Exercise brief
Print the listing below again, exactly. Skip the pictures.
━━ Collected material
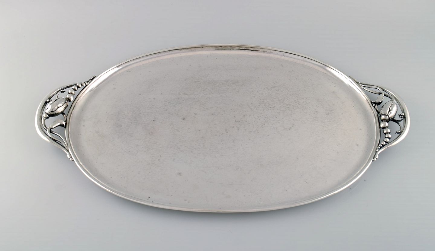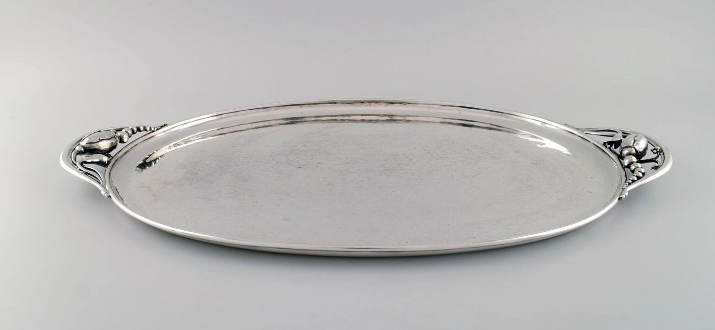 Kolossal Georg Jensen Magnolia serveringbakke i hammerslået sterlingsølv. Model 2E. Dateret 1915-1930.
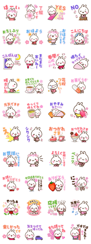 春に向けて使えるスタンプです♪基本の日常の挨拶や相手を気遣う言葉がたくさん入っています。桜/お花見/敬語/応援/気遣い/丁寧/可愛いマキたん より発売
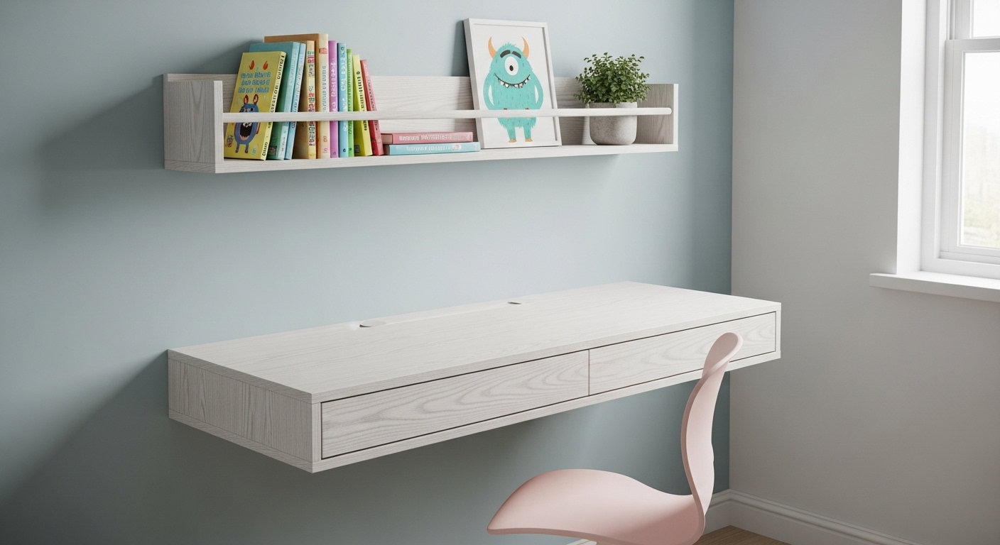 Picture a clean, wall-mounted desk with a small drawer or flip-up compartment to store notebooks and pencils. A floating shelf above completes the workspace, keeping it neat and inspiring.
━━━━
Result for this task
 Kolossal Georg Jensen Magnolia serveringbakke i hammerslået sterlingsølv. Model 2E. Dateret 1915-1930.
 春に向けて使えるスタンプです♪基本の日常の挨拶や相手を気遣う言葉がたくさん入っています。桜/お花見/敬語/応援/気遣い/丁寧/可愛いマキたん より発売
 Picture a clean, wall-mounted desk with a small drawer or flip-up compartment to store notebooks and pencils. A floating shelf above completes the workspace, keeping it neat and inspiring.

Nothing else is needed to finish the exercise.